Masivo operativo en Flores para erradicar la venta ilegal callejera
El pasado viernes, el Gobierno de la Ciudad de Buenos Aires llevó a cabo un operativo para desalojar a vendedores callejeros ilegales que se encontraban en avenida Avellaneda y sus alrededores, en el barrio de Flores. La acción, que comenzó en la madrugada, removió más de 5000 puestos de venta informal en la zona.
El operativo contó con la participación de más de 550 inspectores, operarios y efectivos policiales. Según las autoridades, el objetivo es erradicar la venta ilegal y combatir estructuras de comercio ilícito que afectan al comercio formal. Además, se busca reducir la informalidad en una de las áreas más impactadas por esta problemática en la ciudad.

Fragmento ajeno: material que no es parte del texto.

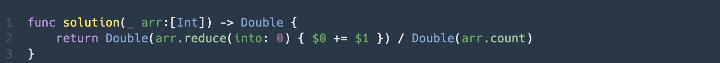 reduce(into:)를 사용해서 작성한 코드입니다. into: 인자로 0 초기값을 설정하고, 배열의 모든 숫자의 누적합을 저장하고, arr 크기로 나누어서 배열의 평균값을 반환합니다. reduce를 다른 형태로 활용해서 좀더 간결하게 풀 수도 있습니다.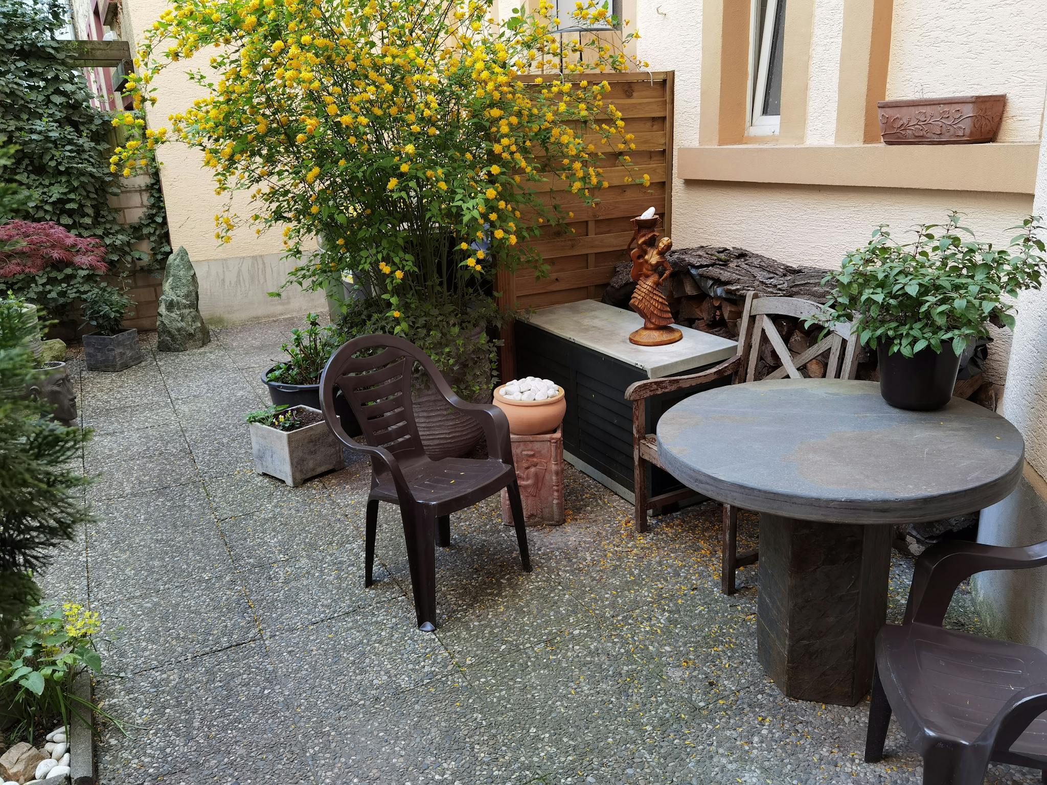 ▪︎ Mitnutzung von Tisch und Stühlen im Innenhof (in meiner kleinen Chill-Zone ;) — problemlos nach Vereinbarung, nicht aber des privaten Gartens.

La Confederación Argentina de la Mediana Empresa (CAME) y la Federación de Comercio e Industria de la Ciudad de Buenos Aires (FECOBA) manifestaron su apoyo a la medida. Ambas entidades han expresado en diversas ocasiones su preocupación por la competencia desleal que, sostienen, generan estos puestos informales. Asimismo, argumentan que la venta ilegal puede estar vinculada a organizaciones delictivas, talleres clandestinos y evasión impositiva.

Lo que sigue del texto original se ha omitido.